Key Benefits of 401(k) plans:
- Tax Savings Now (Traditional 401(k)): Contributions are deducted from your paycheck before taxes, reducing your current taxable income and potentially lowering your tax bracket.
- Tax-Deferred Growth: Your investments grow without being taxed each year, letting your money compound more effectively.
- Tax-Free Withdrawals (Roth 401(k)): If you choose the Roth option, you pay taxes now, but qualified withdrawals in retirement are completely tax-free.
- Employer Match: Many employers contribute money to your account, often dollar-for-dollar up to a certain percentage of your salary – essentially free money.
- Compound Interest: Starting early allows your earnings to generate their own earnings, significantly boosting your savings over time.
- Convenience: Contributions are automatically taken from your paycheck, making saving effortless and disciplined.
- Higher Limits: You can save more in a 401(k) annually compared to an IRA.
- Portability: You can take your 401(k) with you when changing jobs, often by rolling it over.
The Impact of freezing the pension and enhancing the 401(k) for Intermountain Health Caregivers
Since the announcement of this change, I have heard some Intermountain Health employees express that they are “losing their pension.” That statement is false and puts a negative spin on what I believe to be a very positive development. Intermountain Health is simply reallocating resources from the pension plan to the employee’s 401(k) plans. Beginning January 2027, Intermountain Health is going to pay all caregivers and additional 2% of salary to their 401(k). Adding this, along with the already generous match that Intermountain Health provides to its 401(k) plan participants, makes Intermountain Health’s 401(k) one of the elite 401(k) plans in the country. Additionally, the company is allowing their employees to rollover the value of their pensions, while they are still employed, to an IRA or to their existing 401(k)s at Intermountain Health.
By freezing the pension plan, and enhancing the 401(k) plan, Intermountain Health is putting their employees in charge of their own destiny. Caregivers should be excited about the opportunity to have more control over their own finances. Granted, some caregivers will need to be more thoughtful than they have been in the past as they manage their own 401(k)s. Some will need to become better educated. Even though this change will place more responsibility upon caregivers to manage their own retirements, there is a tremendous upside for those who learn, and take advantage of this opportunity and utilize the tools and the resources that they are given to enhance their retirement and grow their 401(k).
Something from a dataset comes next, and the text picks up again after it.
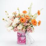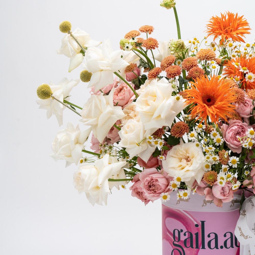 Этот исключительный экземпляр из нашей коллекции Florists Specials представляет собой гармоничную композицию тщательно отобранных цветов, призванную доставить удовольствие вашим чувствам. Он состоит из четырёх пионовидных роз, излучающих неоспоримое очарование, в сочетании с пятью сияющими розовыми розами. Четыре цветка сантрини добавляют экзотическую нотку, красиво сбалансированную пятью весёлыми маргаритками. Два величественных дельфиниума устремляются вверх, в паре с пятью элегантными белыми розами Охара. Эта прекрасная аранжировка дополнительно усилена двумя гроздьями яркого вибурнума и подчеркнута четырьмя насыщенно-оранжевыми паучьими герберами для динамичного цветового акцента. Это великолепное сочетание обещает принести жизнь и роскошь в любое событие.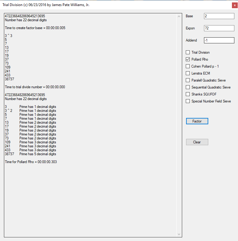 I very recently created a multiple precision signed integer package in C++ using the standard library and a base of 10. I then implemented two integer factoring algorithms trial division and Pollard’s Rho method. Trial division uses all the prime numbers <= 10000 and there are 1229 such primes. Due to the choice of language and the exceedingly small base the resulting application is awfully slow when compared to a similar C# application. The multiple precision signed integer package is largely based on translation of the Pascal source code found in “Prime Numbers and Computer Methods for Factorization” by Hans Riesel. The test number is 2 ^ 72 – 1 which is a Mersenne composite integer. The output large integers start with the number of base 10 digits in the number. For comparison I have included the output from my C# Big Integer factorization program as a screen shot.

Intermountain Health is dedicated to the personal success of their caregivers, and they recognize that additional educational opportunities will need to be offered to ensure a successful transition and to prepare employees to have the best possible retirement. Intermountain Health has asked our company, Peterson Wealth Advisors, to teach the same class that we teach to employees at Brigham Young University, and to the alumni of Utah Valley University to Intermountain Health caregivers. This online class helps participants to make sound decisions regarding their 401(k)s now and prepares future retirees with the knowledge they will need to make the best decisions at retirement. The class objective is to teach attendees how to create a tax efficient, inflation adjusted stream of income that will last throughout retirement.
Details as to the timing of the class will be forthcoming.